Coakley’s nomination is the result of a perfect storm (for Republicans): A Massachusetts Democratic primary electorate still a bit hungover that its own choice for president in 2008, now Secretary of State Clinton, lost in the rest of the country to Barack Obama, some still a bit bitter over that, and the general mediocrity of Coakley's primary opponents, too. (Say what you will about John Kerry, but each of them were mere political insects compared to him.)
Coakley - originally way ahead in the polls - took much of the month of December off from stumping the state and recently suggested that it would be a waste of her time to engage in retail campaigning by shaking hands outside of Fenway Park. She exudes, at times, that prissy elitism that turns Massachusetts voters away from Democrats so regularly.
Worse news is that her Republican opponent, Scott Brown, is a buffoon who voted 96 percent of the time in the Massachusetts State Senate with GOP dogma. If he arrives in the US Senate – as the traditional political math says he will – he will become the forty-first Senator vote to block so many progressive advances that would still be possible if he doesn’t succeed.
And yet, by traditional Massachusetts political math, I repeat: Brown will win Tuesday’s special election.

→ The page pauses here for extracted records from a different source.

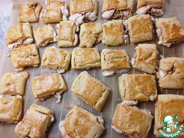 Я, правда, неправильно поняла, что нужно разделить на четыре части, и каждую, как показано на фото, еще разделить пополам. Поэтому, у меня получились большие печенюхи, а при выпечке еще увеличились в размере
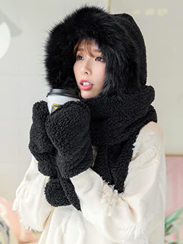 Women's Faux Fur Furry Hood Hat Scarf Gloves 3-in-1 Warm Plush Earflaps Hoodie Cap Fur Collar Winter Hat 3
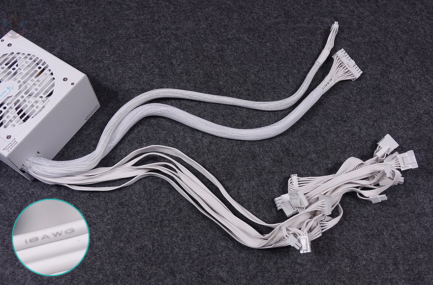 이번엔 본체에 연결된 케이블들을 살펴보는데, 케이블 같은경우 메인보드 24핀 커넥터와 PCIe 5.1 지원으로 새롭게 나오기 시작한 12V-2x6 커넥터 케이블은 일반 케이블형태에 슬리빙처리를 했으며, 나머지 케이블들은 모두 플랫(Flat) 타입니다. 참고로, 12V-2x6 커넥터 케이블에 사용된 전선 규격은 16 AWG이며, 플랫 타입 등의 나머지 케이블은 18 AWG로 인텔 파워서플라이 가이드 규격에 맞춰 적용했습니다. 그리고, 커넥터 지원 같은 경우 리뷰에 사용된 800W 용량모델은 방금 언급한 메인보드 24핀과 12V-2x6 커넥터 외에 ATX 8(4+4) 핀 2개, PCIe 8(6+2) 핀 2개, SATA 커넥터 8개, PATA 커넥터 4개를 지원하며, SATA 커넥터 같은 경우 8개 중 4개와 PATA 커넥터는 분리를 쉽게 할 수 있는 이지스왑 디자인으로 적용했습니다. 케이블 길이들은 요즘 PC케이스 맞춰서 충분한 여유 길이를 가지고 있습니다.
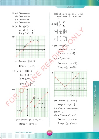8. (a) One-to-one (d) Not one-to-one as y = 1 has
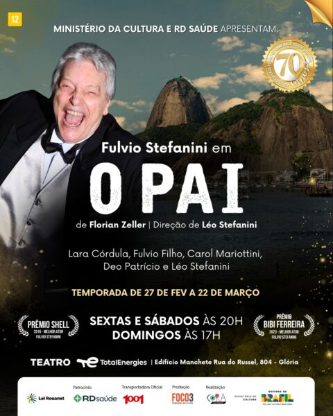 – ATÉ 22 DE MARÇO, “O PAI”, de FLORIAN ZELLER, com FULVIO STEFANINI e LARA CORDULA. Direção: LÉO STEFANINI. Em 2016, a peça ganhou os prêmios SHELL e BIBI FERREIRA, de melhor ator. Local: Teatro TotalEnergies, Glória. Sexta e sábado, às 20h; domingo, às 17h. De R$ 50,00 a R$ 150,00.

Lousy candidate, sounds like not a real strategic bone in her body, appears to lack even the desire for The Common Tough. Andrew Sullivan brainstorms another reason -- Kennedy himself:
This Senate seat was held warm for Ted decades ago, when he was parachuted in and stayed there for ever. Part of the revolt is based on the fact that Coakley seems to be the ultimate Kennedy clan crony, and was also plopped in by a tiny number of primary voters, and seems to imbue the arrogance of the Democratic party elite. Most voters know that she could lord it over them for decades. But they'll almost certainly be rid of Brown in a few years.
Brown has also played class politics more effectively. Obama's swoop in to save Coakley also makes him look like an upper-class elitist rather than a mobilizer for change for the poor. The optics, as they say, are awful.

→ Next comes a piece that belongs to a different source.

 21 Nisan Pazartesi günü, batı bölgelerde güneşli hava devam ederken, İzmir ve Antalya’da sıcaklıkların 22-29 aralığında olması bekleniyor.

And E.J. Dionne weighs in with a message Dems has best heed if they want to staunch losses this fall:
Yet the truth that liberals and Obama must grapple with is that they have failed so far to dent the right's narrative, especially among those moderates and independents with no strong commitments to either side in this fight.
The president's supporters comfort themselves that Obama's numbers will improve as the economy gets better. This is a form of intellectual complacency. Ronald Reagan's numbers went down during a slump, too. But even when he was in the doldrums, Reagan was laying the groundwork for a critique of liberalism that held sway in American politics long after he left office.

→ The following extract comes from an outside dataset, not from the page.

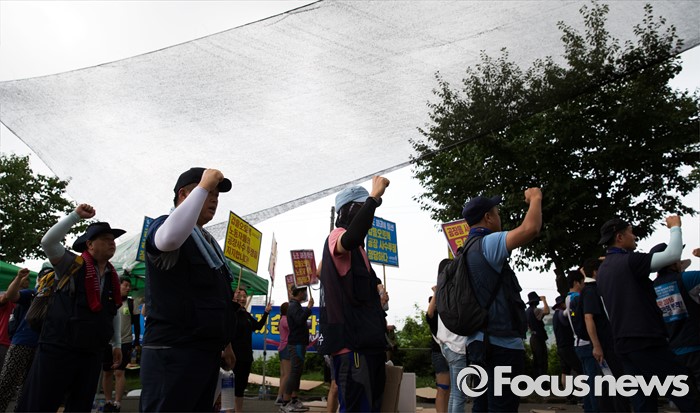 (아산=포커스뉴스) 1일 오전 충남 아산 탕정면 갑을오토텍에서 노조원들이 사측의 경비 용역 투입에 대비하고 있다.

Progressives will never reach their own Morning in America unless they use the Gipper's method to offer their own critique of the conservatism he helped make dominant. It is still more powerful in our politics, as we are learning in Massachusetts, than it ought to be.
It's time for the Dems to get populist all over again. It's good to see Obama starting to go after Wall Street, but only real financial reform will do the job. Process is necessary, but when it looks like the health insurance companies and big pharma are aboard, it looks like a sell-out.
Not an easy balancing act, I'll admit. But in a time demanding change, nominating an establishment candidate -- especially one with no feel for campaigning -- is a threat to the future of the Republic.
Because she could lose to this:
Good luck on Tuesday, Martha, in spite of your nomination.
1 comment:
Sully takes a big swing & miss here, but Dionne has it exactly right.
BHO needs to remind voters whose policies destroyed the economy & he needs to go after Wall Street hard. If, egged on by his party's always-out-of-touch DLC rump, he lets the Repubs pretend that they're somehow the party of the little guy, Dems will get, and deserve, a pummeling in Nov.